I am surprised we are having to work this hard to make things work between us. We have known each other for quite some time now (7 years), almost know each other’s dark secrets from our days of being bestest friends et al. But when we became man and wife, I think a lot many things changed there. We took the friend in the other for granted, became run-of-the-mill couple. We ran out of things to discuss – I remember the days when we would have everything to talk under the sun, needed each other’s opinions, listened when the other spoke. I remember having once told Sri that I like that very quality in him – he listens. He does, probably even now, but nothing is enough for me. I always end up wanting more. I want more of his time – I could actually sit with a book for hours together – but I am willing to give that up for just an extra hour of being with him.

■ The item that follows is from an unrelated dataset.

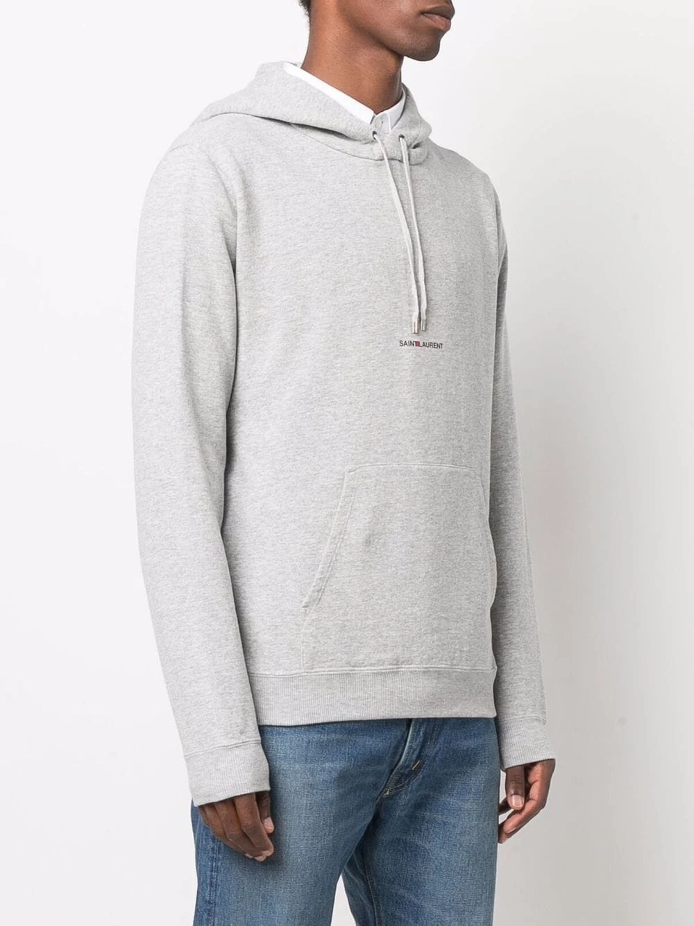 Saint Laurent proves that even the most casual of pieces can look sleek. Constructed from soft cotton in a grey hue, this hoodie is accented with a small version of the brand’s monogram at the chest and a spacious front pouch pocket, reflecting the brand’s Parisian flair.ย

Now, that is an unhealthy sign because I am sacrificing my personal development and forcing Sri to forgo his as well. What development he is after, I don’t know. Most times it is his friends – hanging out with a mug of beer. I guess, I am psyched at the thought that I am not able to tag along, with Aditi at home and all. All excuses. I am plain jealous – I have admitted this to Sri and told him that I will only slowly get out of it and till then not do all outrageous outings without me. The problem is things crop up now and then, a friend is in town the weekend, a new client wants to discuss something over a mug of beer in the poshest of the pubs….things he can’t decline. Why would he? I act like this super-human when I tell him, “You do what you must”, heart-of-hearts wanting him to stay back and baby-sit Aditi as I would’ve had a long day at office too.

In the meanwhile, guilt eats me that I am not able to extend help to my exhausted parents-in-law, because Aditi has given them a hard day too. She is all charged up on seeing me home and I do not want to have late-nights during weekdays – which translates to additional responsibility for parents-in-law. I also love to cook, so I want dinner on me most days – my little to help my in-laws relax the evenings. I am torn.

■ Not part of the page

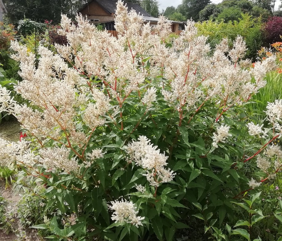 Соцветия большие, со множеством мелких цветов на метелках от белого до светло-розового оттенка. Аромат очень яркий и напоминает запах меда.

What a rant!!! I feel so good after getting it out of my system.

Sep 4, 2008

Diary of Yarns – I

My attempt at story-telling…………..

It was the day of her big interview. She knew she was the best candidate for the position and also knew that they would eventually find her the most cost effective. She was nervous nevertheless. Getting to become a Director of a company of her dreams was something. She had all the qualifications and experience to support her. She was educated at the ivy-league institutes and was never below cum-laude in her time. She was one of the hot candidates and got most job offers when she passed out. She had settled for a low-key company with a great promising profile. She skyrocketed to the top. She waited for that particular role in that dream company to happen. She stepped into the room. The panel was ready. It was going to happen.

The interview went on well. The panel was visibly pleased that at her age, she could achieve as much as she had. They could, as she had hoped, see that she was not money hungry as she was for a good profile. That suited them fine. After all, they were hiring her because they had to. Someone had made, gender diversity in executive management, mandatory, you know?!